Breaking the information lock

INFORMATION is power, which is why presidential administrations of every political stripe over the years have attempted to keep the data harbored by federal agencies locked away from the prying eyes of the pesky public.

Under President Bush, official secrecy has been elevated to an art form. Citing post-9/11 terrorism concerns, the administration has ordered agencies under White House control to drag their feet as much as possible in responding to requests under the federal Freedom of Information Act.

But security worries make little sense when most of the requests for official information come not from journalists but from businesses and retirees and are directed to the Social Security Administration and the Department of Veterans Affairs.

That's why it is refreshing to see a truly bipartisan movement in Congress to reverse this trend and force agencies to be more responsive to the public.
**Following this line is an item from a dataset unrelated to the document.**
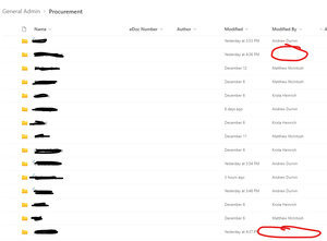 Hello Everyone I have a SharePoint document library with folders. For some folders, the value for 'Modified by' column is missing(as highlighted in the screenshot below). Is there any way to fix thi...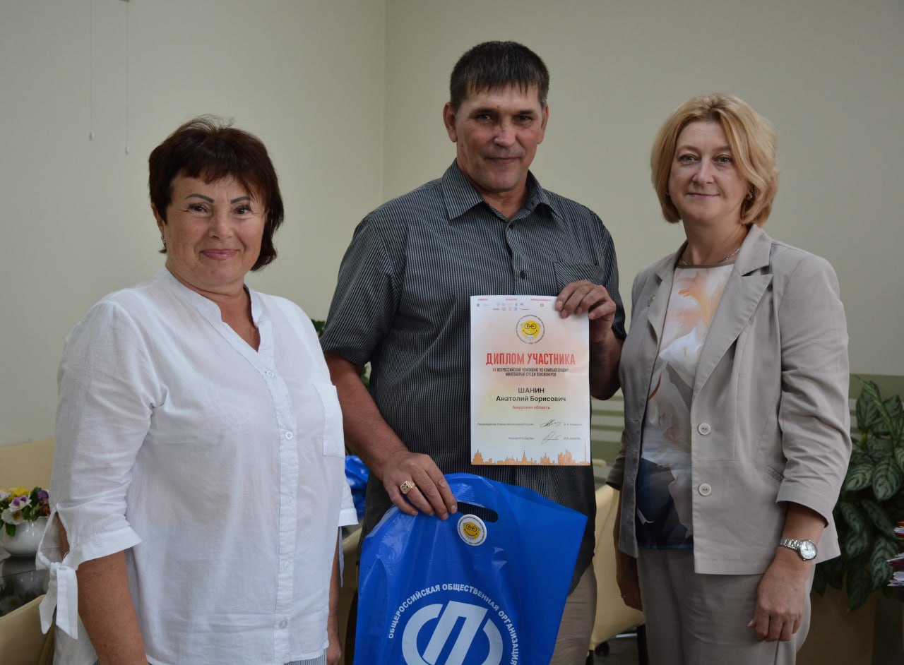 Присутствовавшая на встрече Колесникова Ольга Владимировна, председатель Амурского регионального отделения Союза пенсионеров, присоединилась к поздравлениям участников, поблагодарила министерство и лично Наталью Викторовну за постоянную поддержку регионального союза пенсионеров в его деятельности. «Региональный союз пенсионеров , местные отделения, созданные в муниципальных образованиях области,- отметила Ольга Владимировна,- серьезно работают над проблемой повышения компьютерной грамотности старшего поколения. В некоторых местных отделениях, например в городе Завитинске, уже несколько лет подряд действует клуб компьютерной грамотности, где старшее поколение знакомится с новыми информационными технологиями, которые могут быть полезны старшему поколению. Благовещенское местное отделение в этом году во взаимодействии с АНО ДПО «Амурский центр опережающей профессиональной переподготовки» организовали обучение 4 групп старшего поколения вопросам компьютерной грамотности, использованию смартфонов, текстовых редакторов, электронных таблиц.»

Sponsors of reform legislation include Republican Sen. John Cornyn, who has an appreciation of open-government from his days as Texas attorney general, and Democratic Sen. Patrick Leahy, of Vermont, who sponsored a 1996 bill updating Internet access rules. Companion legislation has been introduced in the House by Rep. Lamar Smith, Republican of Texas, who is chairman of the subcommittee on courts, the Internet, and intellectual property.

Their measures would require a speedier process for responding to FOIA requests, create an on-line tracking system, and penalize stonewalling by agencies.

The best process, of course, would require cooperation from an administration that understood that the people, not the government, own information gathered by federal agencies. But since no such animal seems to be breeding in Washington, the Cornyn-Leahy-Smith approach would be progress.

The fact is that both political parties have a vested interest in ensuring that government information is readily available, if nothing more than to satisfy traditional Democratic concerns about openness and Republican interests in rooting out waste, fraud, and abuse.

Information is the currency of democracy. Nobody should be denied it.